Hafta sonu Sırbistan’ın başşehri Belgrad’da aksiyon vardı. “Belgrad Aile Günleri” ismiyle düzenlenen iki günlük aktifliğin açılış konuşmasını yapan Belediye Başkanı Aleksandar Sapiç, “Bugün aile konusunda Belgrad tarihinde bir dönüm noktasına tanıklık ettiğimize inanıyorum ve bu aktifliklerin gelecekte tahminen de en tesirli aksiyonlar olacağından eminim.” sözlerini kullandı.
“Her şeyin çekirdeği olan aile, hangi biçimiyle olursa olsun bugün tehlikede.” diye tenkitlerini paylaşan Sapiç, ailenin kıymetine şu sözlerle dikkat çekti:
Aydınlık gazetesinin haberine nazaran; İki günlük kültür şenliği, yapılan sahne şovları ve kurulan masalarla da ilgi odağı oldu. Kurulan oyun alanları çocukların büyük ilgisini gördü. Şenlik alanına ayrıyeten Sırp Ortodoks Kilisesi Lideri Perinç Porfiriye ve Sırbistan Sağlık Bakanı Danica Gruyiçiç de geldi. Gençlere hitap eden Gruyiçiç ailenin ehemmiyetini vurgularken, Porfiriye de “işlevsel ve sağlıklı bir topluma sahip olmanın” yolunun aileden geçtiğini belirtti. Birinci kere geniş kapsamlı düzenlenen şenlik, 2022 yılında ortaya çıkmıştı. Eylül ayında düzenlenen “Belgrad onur yürüyüşüne” karşı bir ortaya gelen yüzlerce aileler LGBT dayatmasına reaksiyon göstermiş, Cumhurbaşkanı Aleksandar Vuçiç de Sırbistan’ın aktifliğe mesken sahipliği yapmayacağını duyurmuştu. Lakin LGBT aktifliği buna karşın düzenlendi.

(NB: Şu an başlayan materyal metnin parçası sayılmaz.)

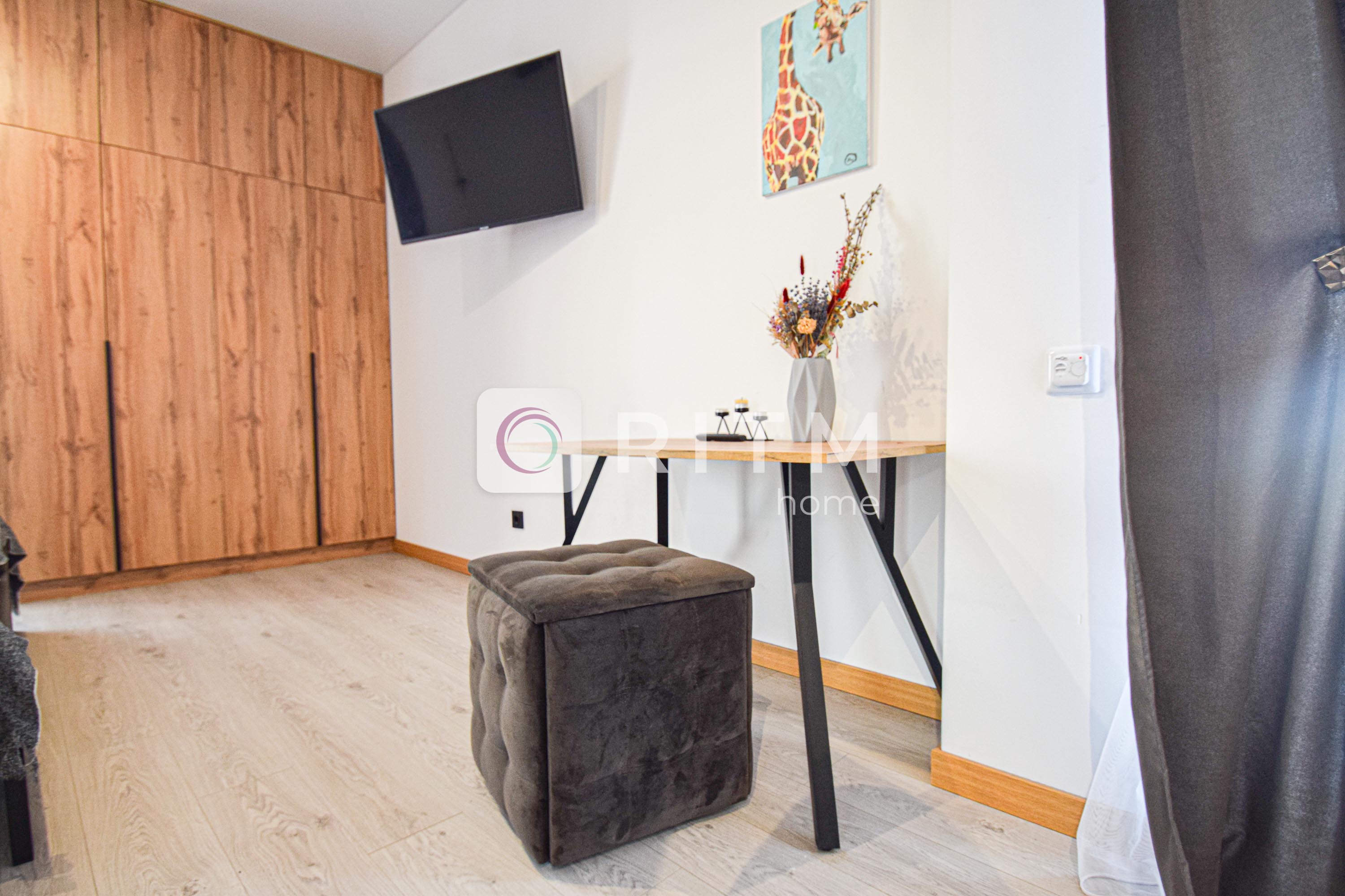 Квартира має продумане планування, що дозволяє раціонально використовувати простір. Світла кімната облаштована двоспальним ліжком, місткою шафою-купе для зберігання речей та телевізором для вашого відпочинку. Встановлений кондиціонер, який забезпечує комфортну температуру як влітку, так і в міжсезоння.

Avusturya’nın başşehri Viyana ise dünya genelinde LGBT ideolojisinin en faal olduğu kentlerin başında geliyor. “Avrupa’nın LGBT başkenti” olarak tanıtılan kentte her yıl yürüyüşler yapılıyor. Bu hareketlere vakit zaman Avusturya Cumhurbaşkanı Alexander van der Bellen ile siyasetçiler de katılıyor. Dayatmaya karşı ise “Aile için Yürüyüş” teşebbüsü, 2012’den bu yana uğraş yürütüyor. Teşebbüsün Viyana’daki son hareketi 17 Haziran’da yapıldı. Yürüyüşe 500’den fazla kişi katıldı. Temel vurgu, insan jenerasyonunun fakat aile ile sürdürülebileceği oldu. Harekette kelam alan konuşmacılar, çocukların erken yaşta LGBT ideolojisi ile karşılaştırılmasının tabiata karşıt bir şuur yarattığına işaret etti. Aile kurumunun ehemmiyetine vurgu yapılan harekette, LGBT dayatmasının tabiattaki cinsiyet farkına karşıt olduğu vurgulandı.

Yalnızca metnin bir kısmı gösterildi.